[I wrote this in Business Standard of 4 September 2001. The interviewee of Balasubramanyam who "bummed around in companies, universities, research organizations, government and journalism" was myself. Reading his book awakened memories of my youth as an economist: I was briefly Brahmananda's colleague in the Bombay department of economics; and I spent much time with the economists in the Planning Commission and Delhi School of Economics after I came to Delhi in 1966.]
CONVERSATIONS WITH ECONOMISTS
The orthodox opinion, to which I too have contributed, is that the bad old days of Nehruvian socialism ended in 1991, and that a new era dawned with the reforms Manmohan Singh ushered in. This is a myth; what actually happened was more nuanced, more full of accidents and surprises. Although I have been around, experiencing that history since the mid-1960s more or less, I had forgotten. A new book by V N Balasubrahmanyam (Conversations with Indian Economists, Palgrave) reminded me of those halcyon days, in the 1950s and 1960s, when economics seemed full of certainties and India full of hope.
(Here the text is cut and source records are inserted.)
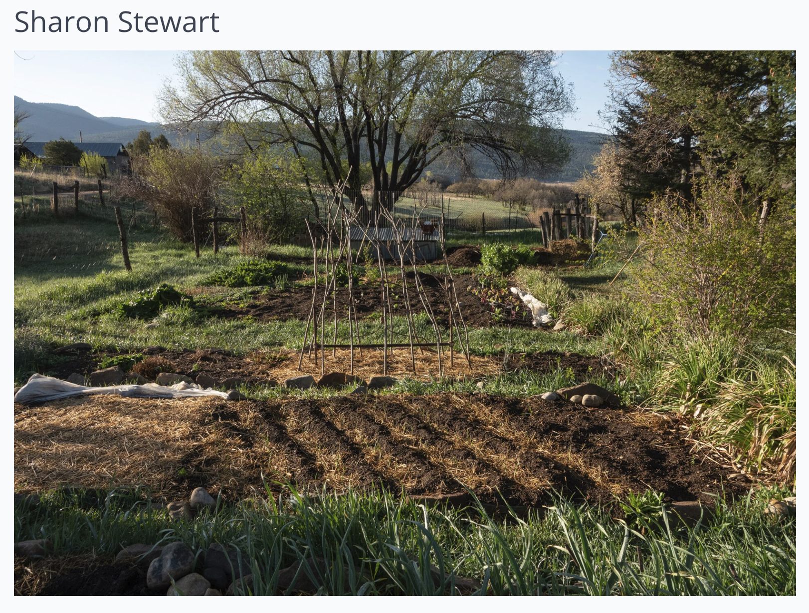 Sharon Stewart was born in Edinburg, Texas along the US - Mexico border. She studied finance and economics at the University of Texas and Harvard University and now resides in the mountain village of Chacón in Mora County. She has devoted many years to photographing the economic, social, familial, mythic, and religious influences that define the cultural landscape of northern New Mexico in her portfolios Exit West: A Cultural Confluence and El Agua es la Vida: A Village Life Portrait, which explores acequia culture in El Cerrito, NM. She is currently photographing the aftereffects of the 2022 Hermit’s Peak + Calf Canyon Fire. Her earlier Toxic Tour of Texas project portrays the efforts of grassroots environmental activists to protect the health of their land, water, air, families, and culture from the effects of hazardous waste policies by government and industry. The Center for Creative Photography holds the El Agua es la Vida and Toxic Tour of Texas portfolios in its collection as part of the Water in the West Project and Archive. For over three decades she has renovated her 130 year old adobe house and established a home garden, which, through building soil and relationships, has served as a guide to patience, observation, and humility.
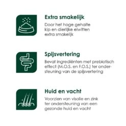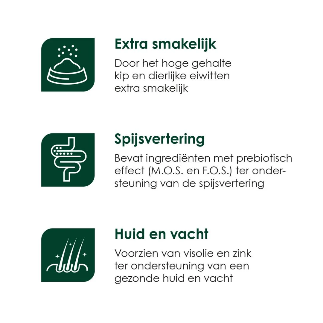 | Extra smakelijk Door het hoge gehalte kip en dierlijke eiwitten extra smakelijk. | |
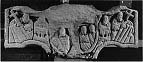 C (broad): In the central roundel, enclosed in a roll moulding, is a baptism scene, as on 5, with the variation that the figure on the left has a halo and is shown with hands clasped across its stomach. Between it and the central figure is a free roundel. The cross-arms have the same pairs of frontal figures as face A; triangular features in relief lie between the inner figure and the roundel.
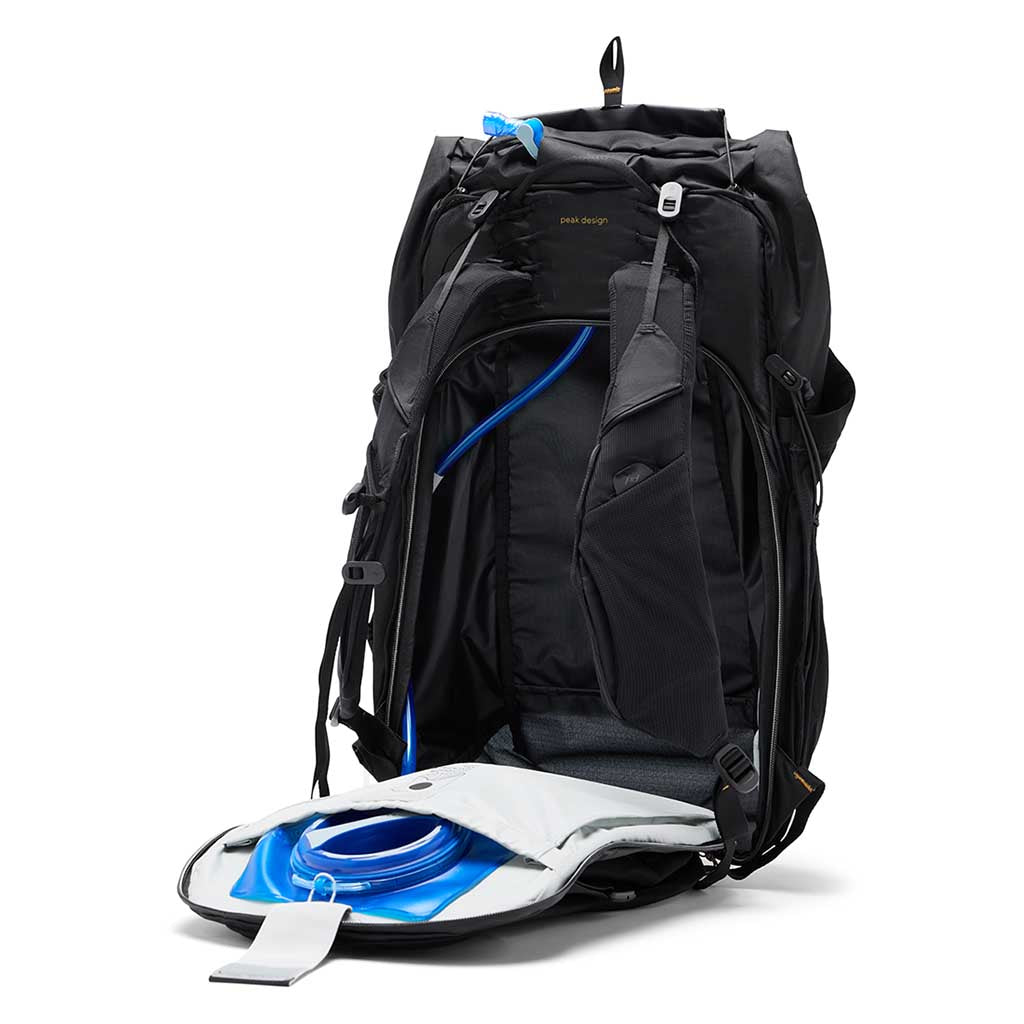 Hydration/Laptop Carry • 1× internal hydration sleeve• 1× external hydration sleeve (center Flex Pocket™)• Internal sleeve fits up to 16″ MacBook Pro
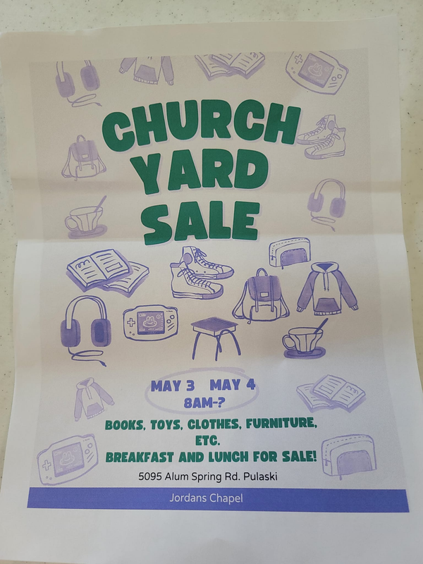 Jordan's Chapel Church presents a Church Yard Sale Fundraiser for Feed My Lambs Backpack Program on Friday, May 3, 2024 and Saturday, May 4, 2024 starting at 8:00 AM on both days.
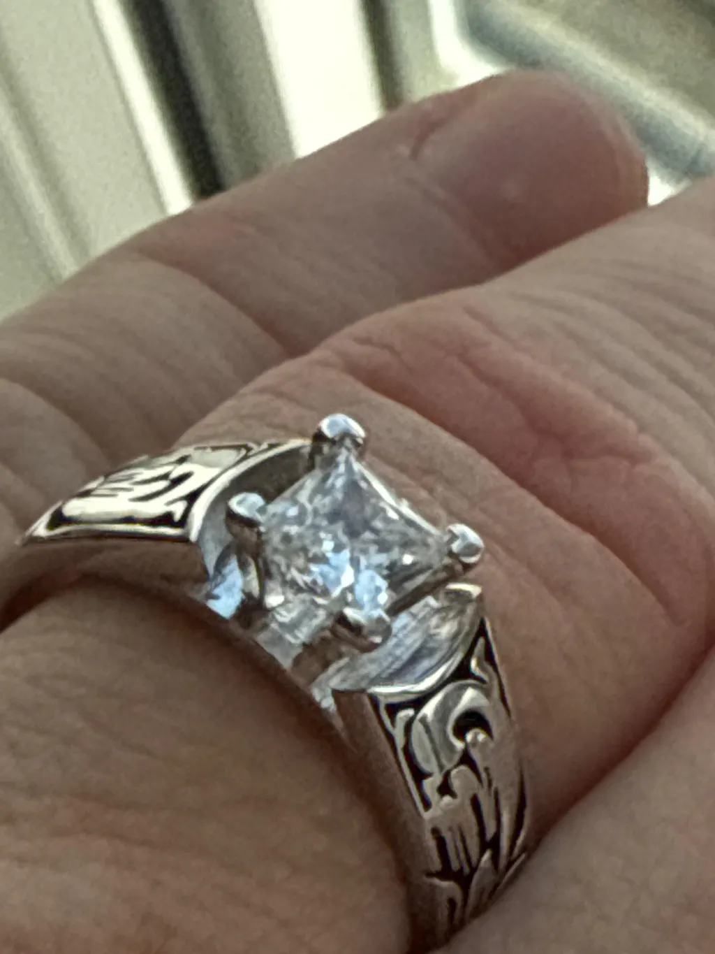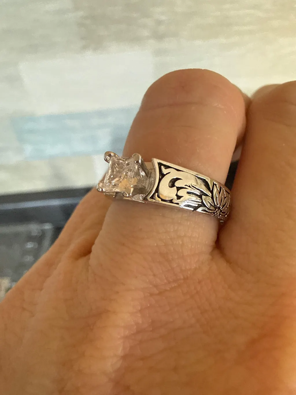 Bought this ring it’s beautiful although the band isn’t as deeply engraved or black like shown in the picture it’s still very pretty!!

Subrahmanyam and his wife Ahalya took off in 1998 with a cassette recorder and recorded talks with ten economists. One learnt his economics in the 1940s, seven in the 1950s, and two in the 1960s. All except Bimal Jalan began their careers in academia; four – P R Brahmananda, Jagdish Bhagwati, K L Krishna and T N Srinivasan – were more or less lifelong professors. Three – I G Patel, Manmohan Singh and Bimal Jalan – were more or less lifelong civil servants. Two – A M Khusro, C Rangarajan – moved between the two worlds. One bummed around in companies, universities, research organizations, government and journalism. The Subrahmanyams asked sharp questions, but generally let the economists have their say. The result is a fascinating picture of the ten men and the world they were moulded in.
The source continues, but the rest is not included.